Only days before that life-altering moment the scene of my life looked night-and-day different. Weekends and some week nights consisted of me and a group of “friends” finding a new bar to use our fake I.D.’s- this weekend was no different. After drinking my fair share it was time to head home, or in my case somewhere else because my sorrows weren’t completely drowned yet. With no one to stop me, I got behind the wheel.
“My life is over. No one will ever love me now. You’ve really screwed up this time.”
Feeling invincible at just nineteen years old, I drove with confidence, and that “confidence” got me 2 blocks from my destination when lights began flashing in my rearview mirror. “My life is over. No one will ever love me now. You’ve royally screwed up this time.” Fear crippled me, I accepted that my life was over, and I did whatever the police officer asked of me. So, there I sat alone on a curb with my hands behind my head for what felt like hours; no friends, no phone, nobody at all, A L O N E.

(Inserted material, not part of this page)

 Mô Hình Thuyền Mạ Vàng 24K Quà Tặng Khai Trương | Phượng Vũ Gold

“I know why things ended up the way they did- God had mercy on a lost, broken, and deeply hurt little girl.”
Being toe-to-toe with a police officer who meant business wasn’t a place I ever dreamed I’d be but there I was, trying to brace myself for what I knew was coming, what I knew I deserved. Unforgettably she bent down, let out a big sigh and said, “If I took you to jail tonight you wouldn’t be alive in the morning. You’re going home.” Writing this to you now, I still have to pause because I could hardly fathom the outcome of that night. Almost 8 years later, I know why things ended up the way they did- God had mercy on a lost, broken, and deeply hurt little girl.

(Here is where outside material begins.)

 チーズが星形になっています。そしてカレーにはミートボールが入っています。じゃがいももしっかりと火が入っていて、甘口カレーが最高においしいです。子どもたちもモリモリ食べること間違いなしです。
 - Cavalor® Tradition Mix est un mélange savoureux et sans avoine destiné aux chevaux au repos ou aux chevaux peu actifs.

“I was now positioned to be touched by a God who could love me like no other, heal my broken places, and reveal who He made me to be.”

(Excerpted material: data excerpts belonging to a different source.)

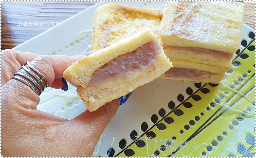 吐司的柔軟加上蛋香真的好好吃,加上內餡給的芋泥超厚實又綿密、並結合卡士達醬,吃起來清爽,會建議點一份兩人分食嘟嘟好!!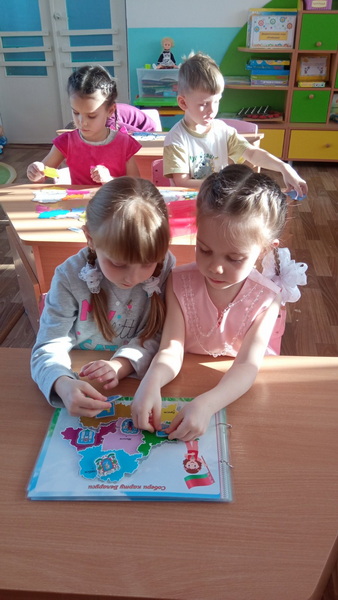 В детском саду №2 Н.О. Терешко провела занятие на тему «Что такое Родина?». Дети обсудили, что значит Родина, поиграли в игры «Мои родные», «Наш поселок» и «Сложи карту Беларуси», а также составили загадки о Беларуси.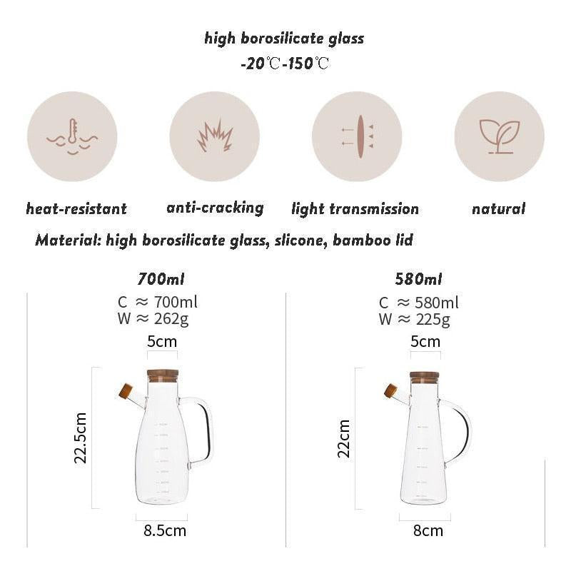 With the Elegant Glass Oil Dispenser, elevate your cooking experience like never before. Its thoughtful design guarantees not only ease of use but also a chic presence in your kitchen. The handle allows for comfortable handling and the bamboo lid complements the glass body, creating a harmonious look.

A few days later I finally accepted a 10 month-old invitation from a college friend to go to church with her. I think she realized I had finally hit rock bottom but, strangely, that only increased her kindness to me. For ninety minutes in that church service I felt safe and accepted-I’d almost forgotten… I didn’t suddenly become perfect nor were all my issues suddenly resolved, but I was now POSITIONED… to be touched by a God who could love me like no other, heal my broken places, and reveal who He made me to be. I made Jesus Lord of my life, and began to follow Him. From that day, I chose to do things His way. Later, with the help of that same friend who invited me to church, I found the courage to lower my walls and invited God to help me with some deeply rooted issues. An adventure had begun, and for the first time in a long time I knew I wasn’t alone, I had good people around me, and was starting to know a God, The God, who dearly loved me and wanted me all along.
Before you go, would you ponder specific question for a moment? How do you position yourself to be touched by God? Each day, I invite God to lead me, I read His Word, and spend time journaling to Him. Truthfully, you couldn’t pay me any amount of money to skip this time; it’s as essential to my life as eating healthy meals every day. Why is it important we position ourselves? Bluntly speaking, it shows the God of the universe, the Creator of the World, the One who sent His only Son to save you…that you are serious about Him. You don’t have to present yourself perfectly, but you do have to position yourself.